§ **DATA PROVIDED**:
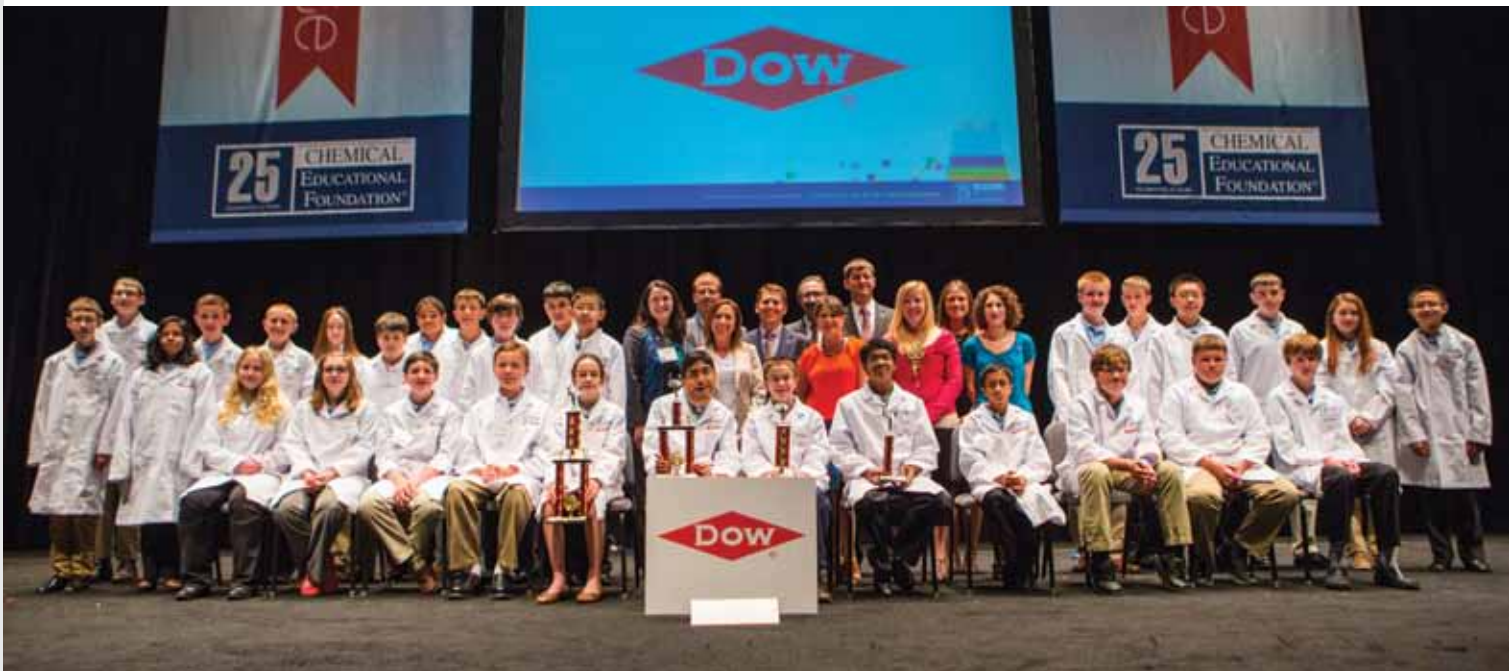
Participants in the 2014 You Be The Chemist National Championship gather after the competition.

The annual event included approximately 20 interactive displays as well as food, musical acts, celebrity visits from Miss Louisiana USA 2014 and Miss Louisiana Teen USA 2014, relays and sporting contests. In addition, a nature trail tour was organized during which visitors followed the 1,600-foot boardwalk trail, visiting the Dow Palmetto Outdoor Classroom, the Dow Bayouside Outdoor Classroom, and other displays that shared the history and future of Wetland Watchers Park. ■
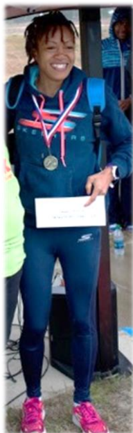
Skip Willits Fine Art Photography
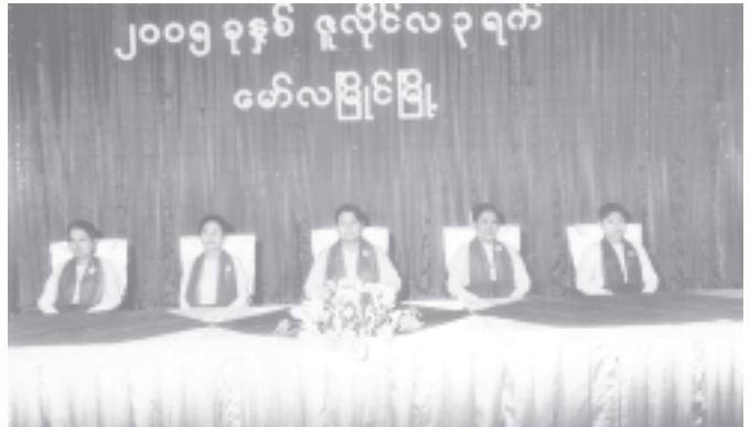
Members of the Panel of Chairpersons seen at Myanmar Women's Day commemorative ceremony in Mawlamyine.

In the present period, they are doing enthusiastic performances in nation-building tasks pragmatically after forming MWAF, MMCWA, Myanmar Women's Sports Federation, Women's Chapter of the Myanmar Medical Association, and Myanmar
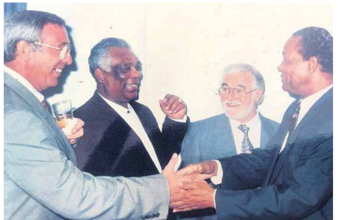
Special plaque presentation by Kalmar.
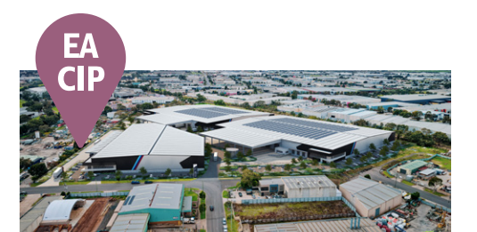
ESR Coolaroo Industry Park
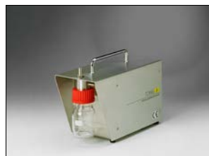
Backside of ATM 228 with atomizer glass vessel
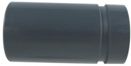
Plain x Groove

PVC/CPVC/PE Nipples furnished may be produced from extruded stock, or from molding grade PVC/CPVC compounds. Both processes provide quality products meeting ASTM requirements. Spears® thermoplastic nipples are produced in a variety of styles, several of which are illustrated below. These are referred to as Plain (no threads), TOE (Threaded One End), TBE (Threaded Both Ends), Grooved (which can be Plain x Groove, Groove x Thread, & Groove x Groove). Special varieties of Polyethylene Nipples include Cut-off, Four-In-One Cut-off and Four-In-One Cut-off Reducing.
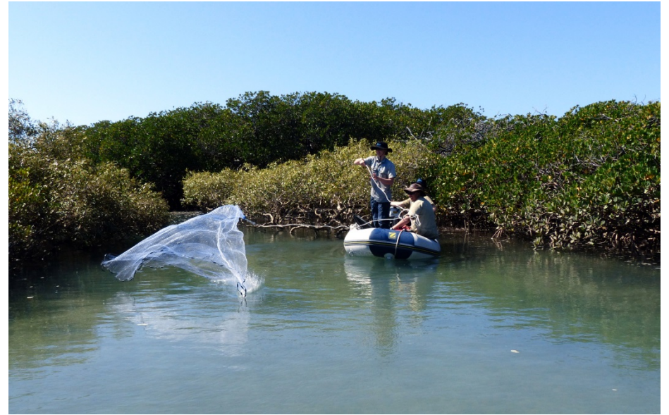
Ecological and fisheries research is allowed and encouraged in declared FHAs.
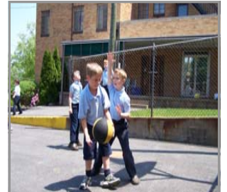
Playing hard at recess
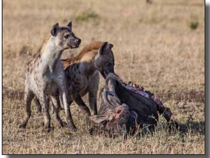
"Serengeti Hyaena with Water Buffalo Carcass" by Lynne Anzelc
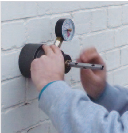
3. Slide the Load Test Unit (LTU) over the LTK and replace the cross pin, engaging it in the castellation on the top of the centre stud
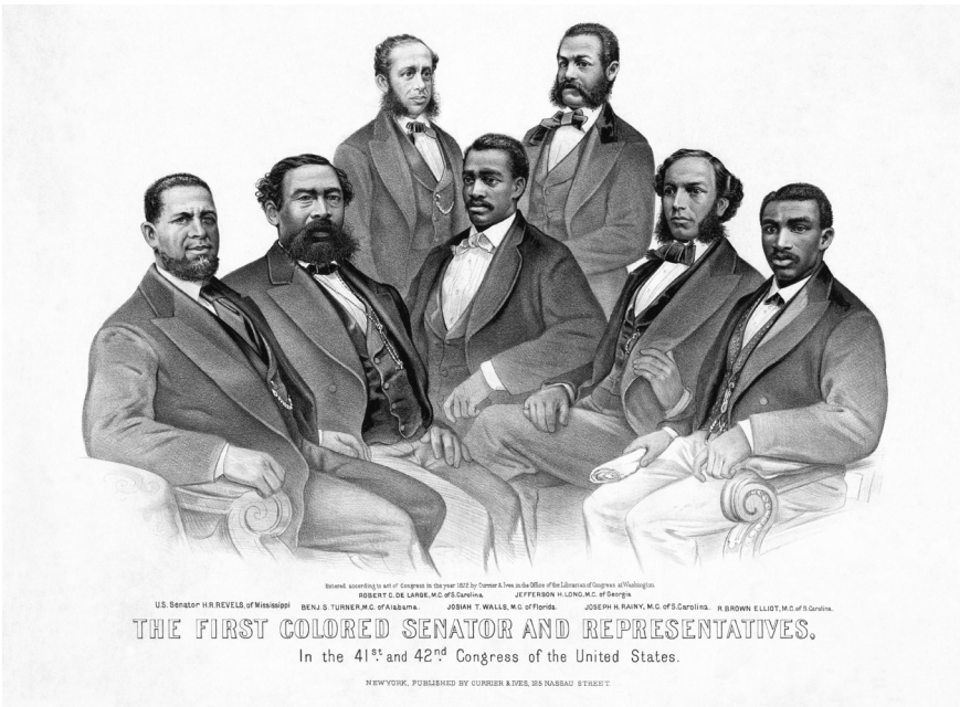
Blacks elected to the U.S. Congress in 1870 and 1872. Hiram Rhodes Revel is on the far left, and Joseph Rainey is second from the right.

The cumulative effect of these constitutional amendments was to make former slaves fully equal American citizens in the eyes of the law. Because most Southern states had substantial black populations, black candidates began to win state and local elections. The first black man to be seated in the House of Representatives, Joseph Rainey of South Carolina, was elected in 1870. In the same year, Hiram Rhodes Revel of Mississippi became the first black U. S. Senator. "In all, 16 African Americans served in the U.S. Congress during Reconstruction; more than 600 more were elected to the state legislatures, and hundreds more held local offices across the South." 1 Everyone was a Republican.
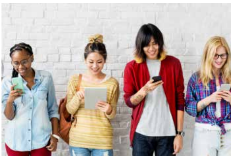
Options at 16
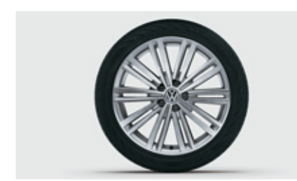
19" Luxor Wheel
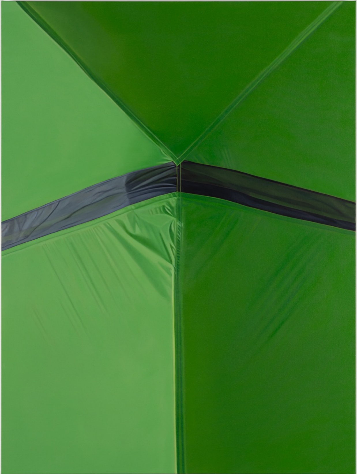
Green, 2020 oil on linen, 140 x 105 cm / 55.1 x 41.3 in, MV03820
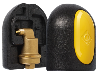
TAB050 INSULATION SET

Spirotech is equipping its deaerators and dirt separators with new, ready-to-install insulation sets in a new Spirotech design. This means that HVAC engineers are now able to comply with insulation standards for these components.
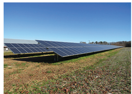
Two rows of 80 solar panels running the length of his field
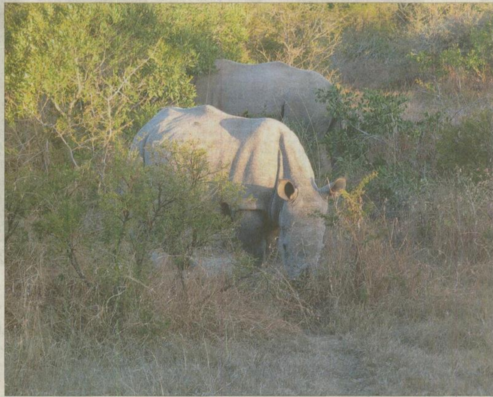
BIG BABIES: Juvenile rhinos Nthombi and Thabo roam (fairly) free at Thula Thula, a private game reserve near Empangeni in KwaZulu-Natal.
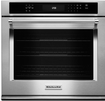
Stainless Steel KOSE500ESS
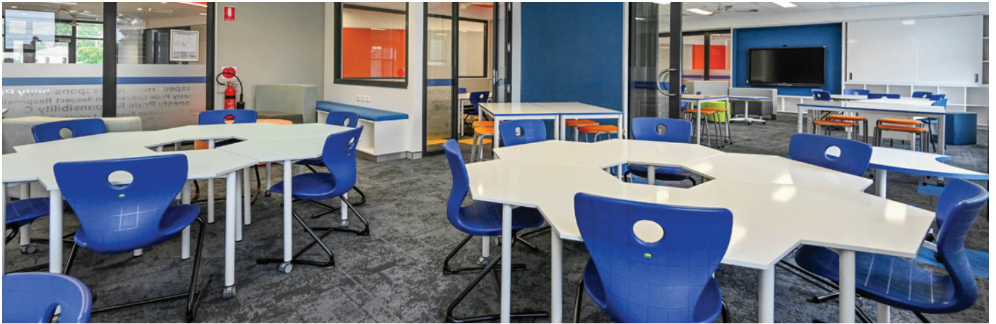
Learning space in new Building M North
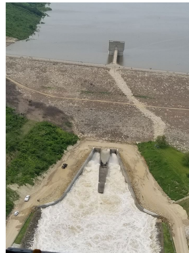
Tuttle Creek Dam, 30,000 cfs discharge May 31, 2019
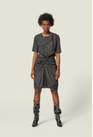
If it's possible, how?
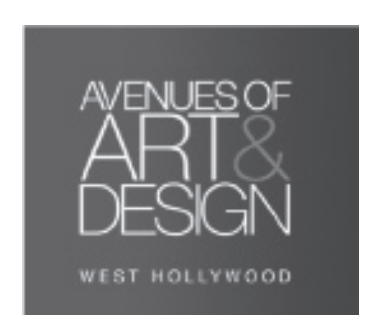
Figure 1 (above) Example of a logo: The Avenues of Art and Design, West Hollywood. Logo courtesy of Alexander Stettinski.

a virtuous cycle develops. Merchants locate in the neighborhood because they know that consumers go there for design. Consumers, on the other hand, go to the neighborhood because they know there are design shops they can browse in. Representations such as shopping maps are essential elements in this process through which some neighborhoods come to be characterized by the design trade.<sup>9</sup>
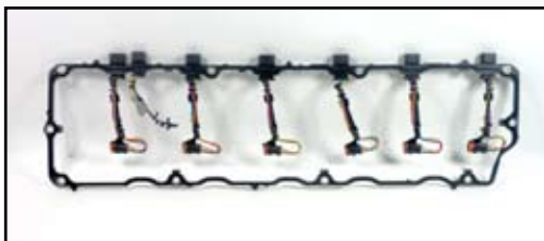
M-1842380C95 - Gasket & Harness Assembly

Also now available for this generation is the M-1842380C95 valve cover isolator seal and integrated injection wiring harness. This all in one design simplifies installation and helps to keep the injector wires organized for easy problem identification.
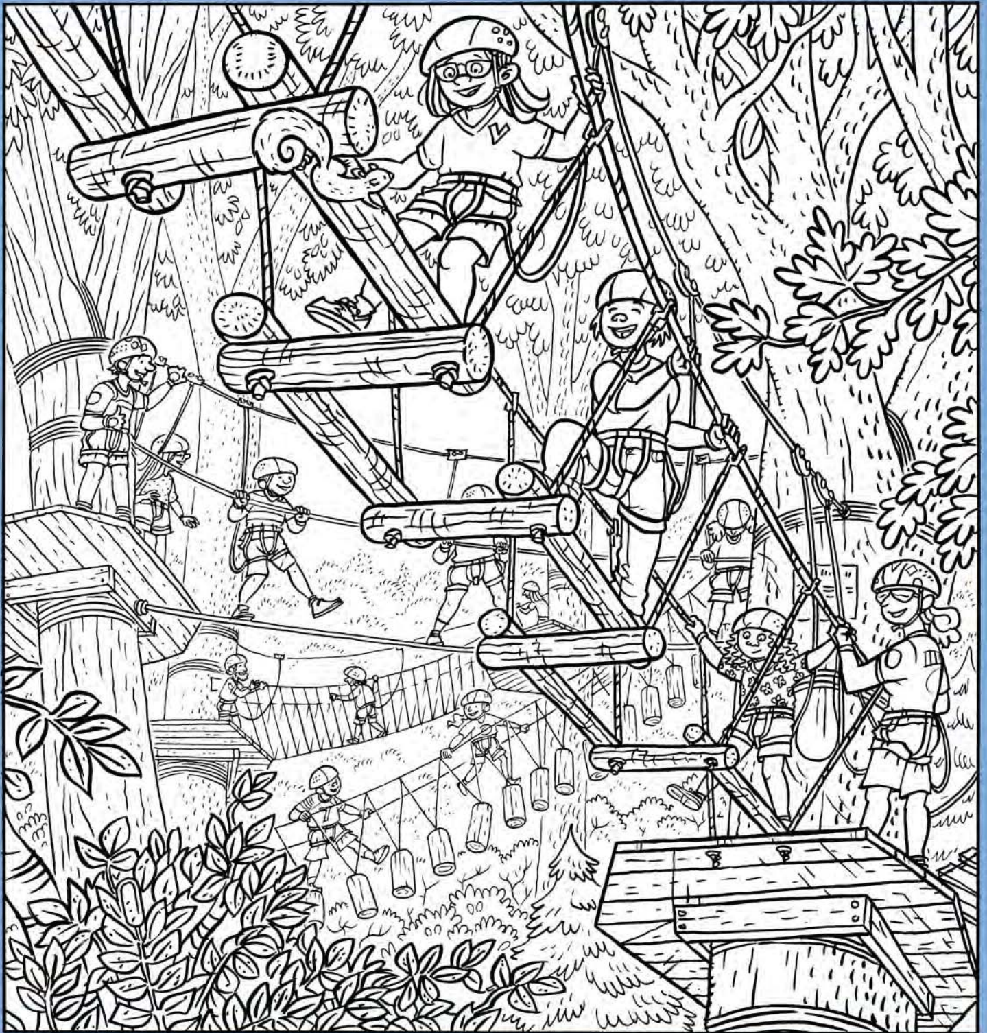
art by Chuck Dillon
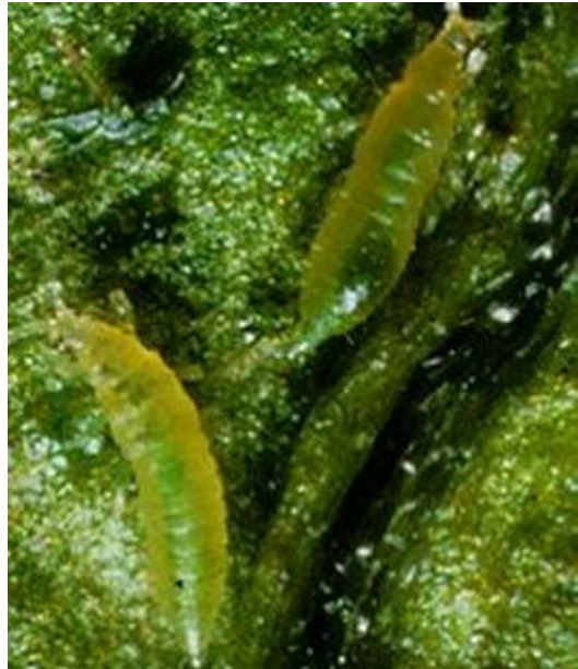
Melon Thrips Larvae
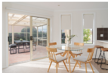
Sunroom off dining area
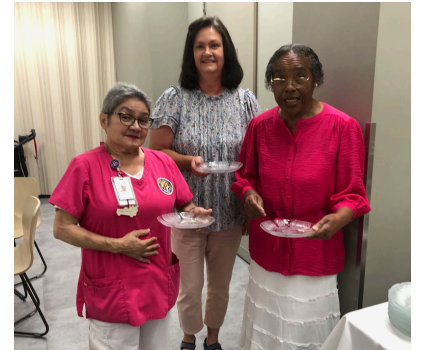
I do believe Emerita is hungry!

Sweet greetings and hugs greeted those who recently attended the Thank Pink luncheon! Each year the volunteers are honored during National Volunteer Week with thankfulness for all they do throughout the hospital. DVS Hilary Willis welcomed the group and praised each one for their service-delivered with kindness that may go unnoticed but makes such a difference in healthcare deliverance. Everyone enjoyed the opportunity to catch up with those they may not often encounter on their volunteer day(s). Hilary gave each volunteer an insulated travel mug inscribed with "SGMC Health Volunteer".
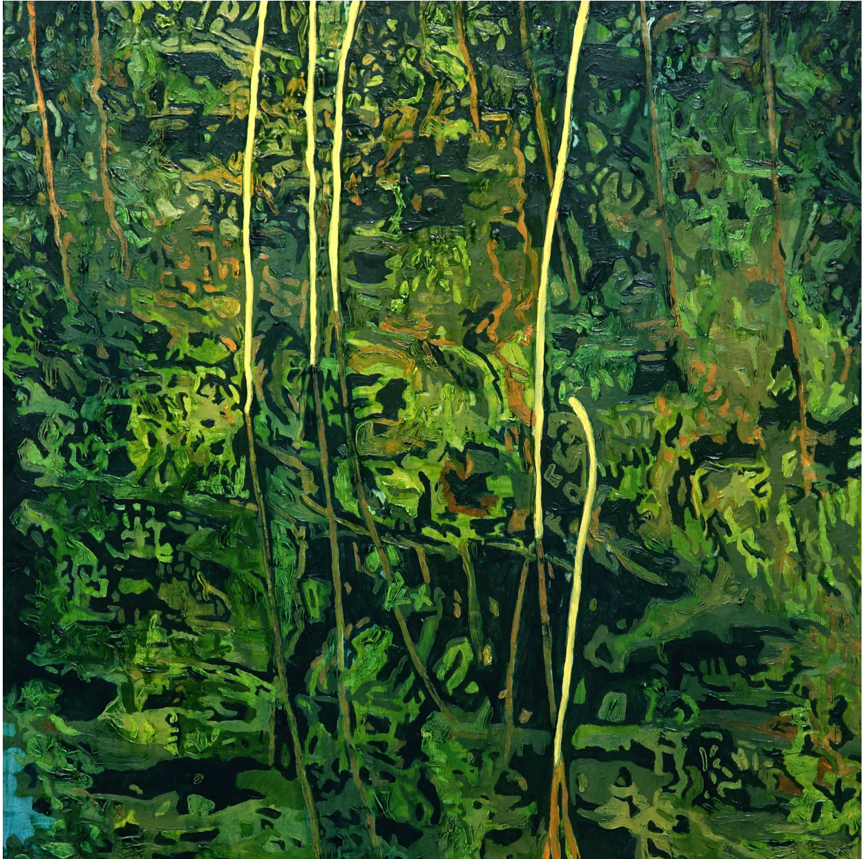
Tom Lake #2, 2023 Oil on panel 18" x 18"
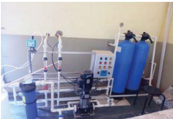
RO water Treatment Plant
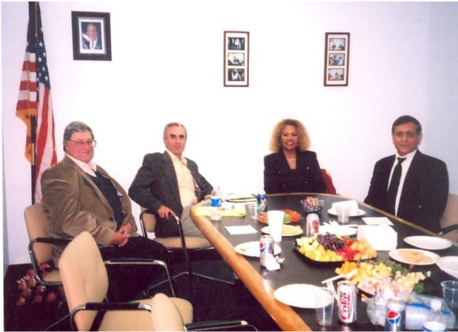
Colorado International University
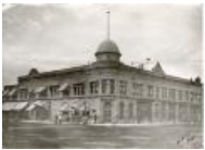
Canon Block, c. 1900 (F922.1)
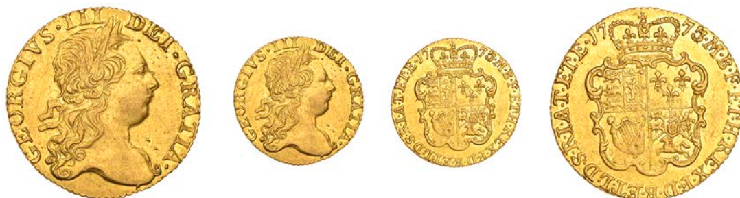
552 Guinea 1773, third bust (EGC 684; S 3727). Light surface marks and hairlines consistent with having been excavated, otherwise better than very fine
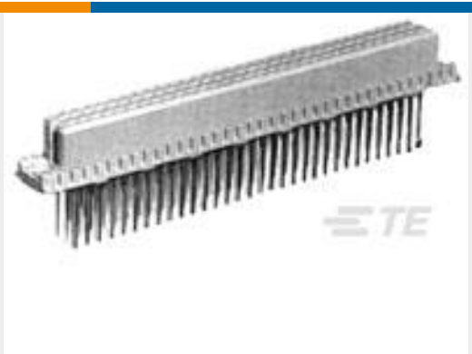
TE Part # 5148057-5 ASSY,RECEPTACLE,EUROCARD,TYPE C,LEAD-FRE
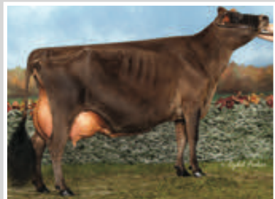
ARETHUSA PRIMETIME DEJA VU-ET Great-Grandam of Lot B

HAWARDEN IMPULS PREMIER USA 067107510 GT50K BBR 100 JH1C JNSF A2A2 29JE3756 RATLIFF COLTON DARIEN-ET 93% JE840003136709089 GT9K BBR 100 JH1F JNSF DHIA HERD # 92-23-0633 CONTROL # 1322 2-00 301 2 10600 5.6 598 4.0 421 98DCR 1457C 3-00 280 2 12820 5.5 705 3.8 483 93DCR 1671C 4-00 305 2 13780 5.4 750 3.9 532 98DCR 1841C 305 2X ME AVG 4L 11671M 675F 442P 1528C PPA -4350M -41F -106P / YD -4262M -49F -105P CDCB GPTA S 04/01/2023 4RECS 86%R 12%ILE -1783M 0.39% -11F 0.13% -41P -217CM$ -222NM$ -276FM$ 0.1PL -0.3LIV 1.1DPR 1.7CCR 1.2HCR 3.11SCS -201GM$ 0.0MFV -0.1DAB -0.5KET 0.2MAS 0.2MET 0.1RPL -0.60HTI AJCA 04/01/2023 GPTAT 85%R 1.5 GJUI 13.9 GJPI 81%R -44 UNANIMOUS ALL AMERICAN PRODUCE DAM, 2022 ALL AMERICAN SIRE: CHILLI ACTION COLTON-ET GJPI -64 3%ILE

§ **ASSIGNMENT**:
Would you copy the lines above exactly, starting with the one that has "Skip Willits Fine Art Photography" and ending with the one that has "3. Slide the", both included, without the pictures?

§ **EXERCISE OUTPUT**:
Skip Willits Fine Art Photography
Members of the Panel of Chairpersons seen at Myanmar Women's Day commemorative ceremony in Mawlamyine.

In the present period, they are doing enthusiastic performances in nation-building tasks pragmatically after forming MWAF, MMCWA, Myanmar Women's Sports Federation, Women's Chapter of the Myanmar Medical Association, and Myanmar
Special plaque presentation by Kalmar.
ESR Coolaroo Industry Park
Backside of ATM 228 with atomizer glass vessel
Plain x Groove

PVC/CPVC/PE Nipples furnished may be produced from extruded stock, or from molding grade PVC/CPVC compounds. Both processes provide quality products meeting ASTM requirements. Spears® thermoplastic nipples are produced in a variety of styles, several of which are illustrated below. These are referred to as Plain (no threads), TOE (Threaded One End), TBE (Threaded Both Ends), Grooved (which can be Plain x Groove, Groove x Thread, & Groove x Groove). Special varieties of Polyethylene Nipples include Cut-off, Four-In-One Cut-off and Four-In-One Cut-off Reducing.
Ecological and fisheries research is allowed and encouraged in declared FHAs.
Playing hard at recess
"Serengeti Hyaena with Water Buffalo Carcass" by Lynne Anzelc
3. Slide the Load Test Unit (LTU) over the LTK and replace the cross pin, engaging it in the castellation on the top of the centre stud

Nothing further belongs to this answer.